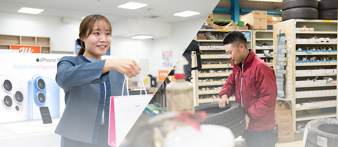 当社は1961年、東京都武蔵野市にて産声を上げました。それ以来、60年以上の長きにわたり地域の皆様に支えられ、愛されて今日に至ります。主な事業は、携帯電話キャリアショップ(auショップ)の運営、携帯電話の法人営業、スマホスクールの運営、自動車部品の販売で、地域に密着した店舗展開・企業活動を行っています。
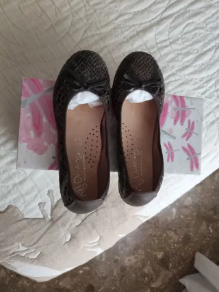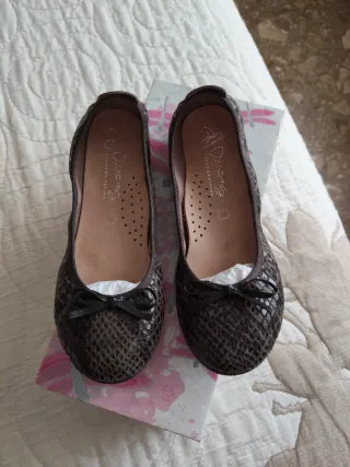 Elegantes sabrinas de la marca Dancing en color marrón. - Diseño con textura de piel de serpiente. - Adorno de lazo en la puntera. - Fabricadas en España.
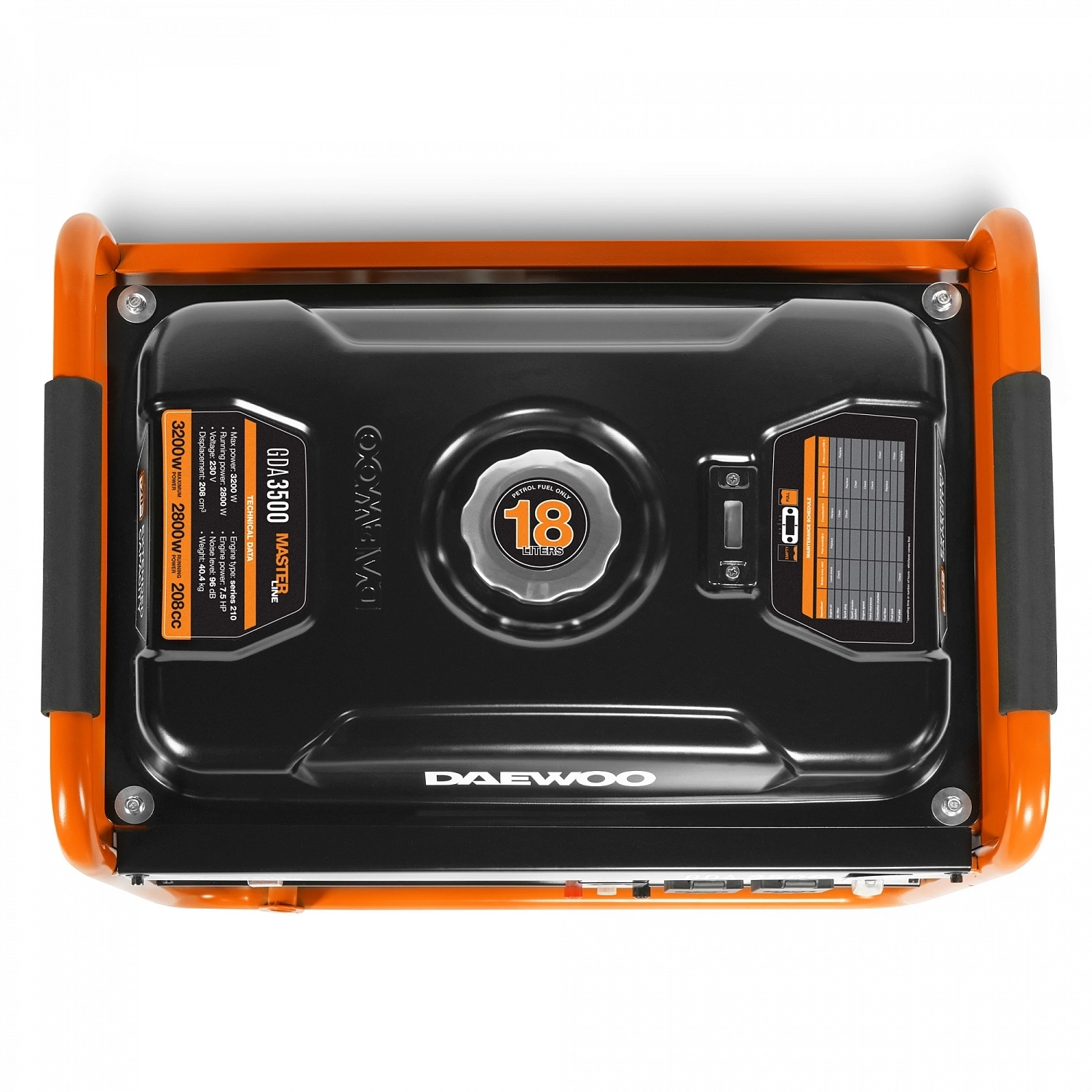 Профессиональный двигатель DAEWOO, увеличенный топливный бак 18 л, быстрый запуск, многофункциональный дисплей, AVR (Automatic Voltage Regulator), умная защита от перегрузок, датчик уровня масла, низкий уровень шума, прочная рама, 100% медный альтернатор, гарантия Daewoo
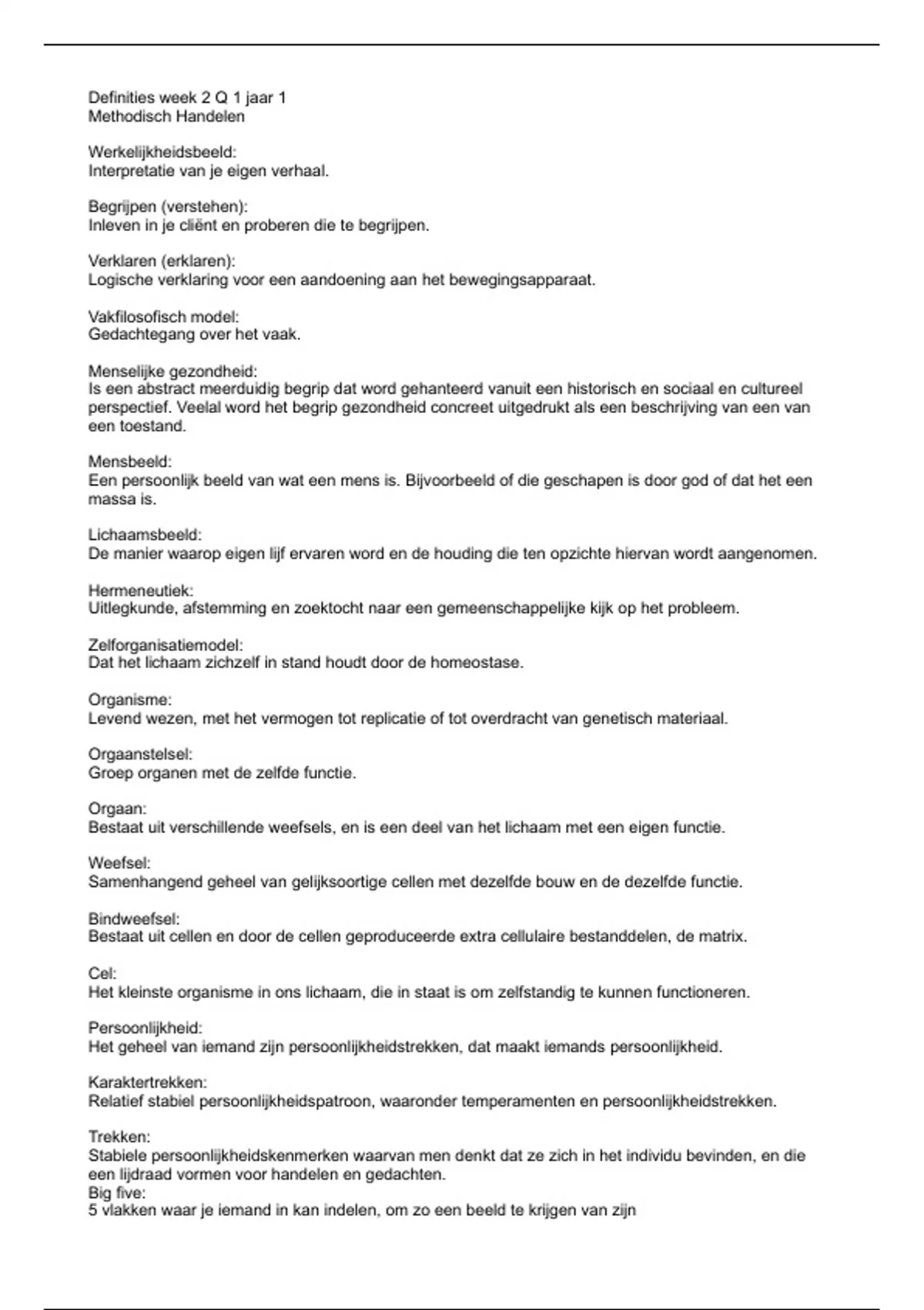 Definities week 2 Q 1 jaar 1

● **DIRECTIONS FOR THIS TASK**
Pictures are to be omitted; otherwise, every line from the first line of the listing through the line containing "Elegantes sabrinas de" must be reproduced exactly, both ends included.

● **SOLUTION FOR THIS EXERCISE**
 当社は1961年、東京都武蔵野市にて産声を上げました。それ以来、60年以上の長きにわたり地域の皆様に支えられ、愛されて今日に至ります。主な事業は、携帯電話キャリアショップ(auショップ)の運営、携帯電話の法人営業、スマホスクールの運営、自動車部品の販売で、地域に密着した店舗展開・企業活動を行っています。
 Elegantes sabrinas de la marca Dancing en color marrón. - Diseño con textura de piel de serpiente. - Adorno de lazo en la puntera. - Fabricadas en España.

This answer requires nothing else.